Matching a substring to people names

DKroot
2009-01-28
2013-04-25
  • DKroot
    DKroot
    2009-01-28

    I have a task of a fuzzy search for a substring against the list of full names, e.g. "John B. Doe". I found this article: http://www.isi.edu/info-agents/workshops/ijcai03/papers/Cohen-p.pdf, but its focus seems to be on matching name to name. Any recommendation or experience with search for names?

     
    • ReverendSam
      ReverendSam
      2009-01-29

      In which case it sounds like you need a fuzzy indexing technology (not a matching one), where an index is built that takes into account fuzzy indexing.

      Q-Gram indexing is a technique i think will do the trick (explained on my website) - the tokenisers if wanted can be taken from the SImMetric library and indexing can be done using lucene. (FYI this technique is, I believe, used in the fuzzy name search of IMDB.com try it out to see if this is what you want, enter "Wilam Shatnerr" and see what it gives you).

      Hope this helps,

      Sam Chapman.
      Ditector
      http://www.k-now.co.uk

       
      • DKroot
        DKroot
        2009-01-30

        Thanks, Sam, I'll take a look into q-Gram indexing!
        Frankly. I could not find much info at http://www.k-now.co.uk, but Googling yields "A practical q-gram index for text retrieval allowing errors" article as the first hit. I'll read it and try to understand, and potentially - implement.
        IMDB search does work in approximately the way I need.

         
        • ReverendSam
          ReverendSam
          2009-01-30

          sorry I intended to leave my uni weblink. the exact link to the exact data you need is here

          http://www.dcs.shef.ac.uk/~sam/stringmetrics.html#qgram

          but I'm sure you can find better external elsewhere online.

          Sam Chapman
          Director
          K-Now http://k-now.co.uk/

           
          • DKroot
            DKroot
            2009-02-03

            Thanks a lot, Sam! We'll try to use Q-Grams. Once we get closer to implementation, I'll post feedback here on how well it is working on our data.

             
  • martin
    martin
    2010-08-07

    Sorry to activate an old thread, Sam, but I don't understand what you're suggesting here.  Do you know of any open source projects that use Lucene to index q-grams?
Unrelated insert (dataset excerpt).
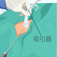 医生在超声辅助下利用抽吸装置将皮下脂肪和汗腺一同去除。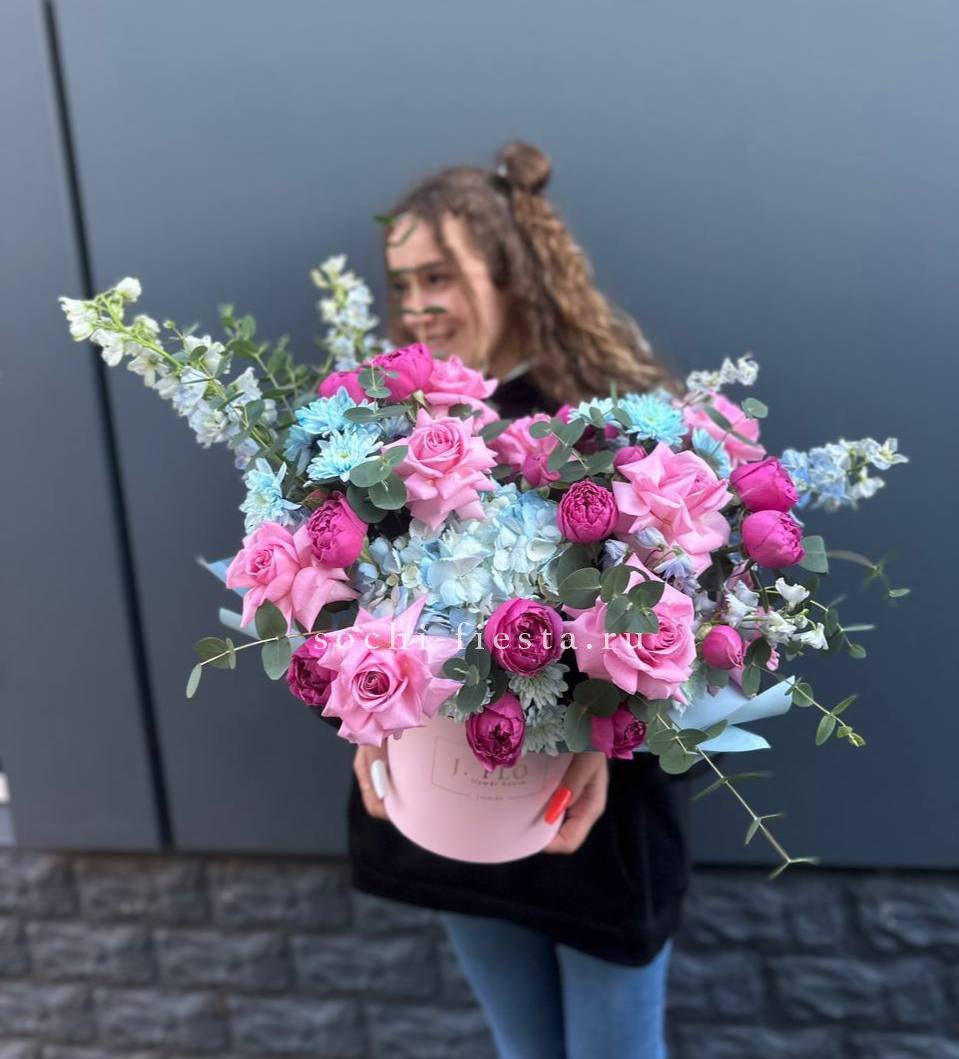 Розовая палитра переходит от французских роз к кустовым Джульетта с добавлением хлопка. Композиция в цилиндре сочетает воздушность и плотность фактур.

    So you would use a custom Lucene Analyzer (tokenizer) to convert each document into q-grams.  For example, (1,##s), (2,#sa), (3,sam), (4,am ), (5,m c), (6, ch), (7,cha), (8,hap), (9,apm), (10,pma), (11,man), (12,an%), (13,n%%).  Then you would search these in Lucene with a "sloppy" PhraseQuery?  Or with a Fuzzy (Levenshtein) query?

    I don't see how Lucene could match "sam 7 chapman" to this index unless you used a Fuzzy query.  But if you're eventually using Levenshtein anyway, why use q-grams at all?

    Thanks for the terrific software, and thanks for any guidance you can give me.  I am just starting with Lucene and may be misunderstanding it.

    Martin

     
  • ReverendSam
    ReverendSam
    2010-08-10

    what i mean is - index the qGrams as you say but also use the same tokeniser on the input to break the input also check against the index (which is now finite in size also) and simply count matches/possible matches.

    This technique is/was employed in IMDB.com try a query spelled wrong for an actors/ess name and see what it returns.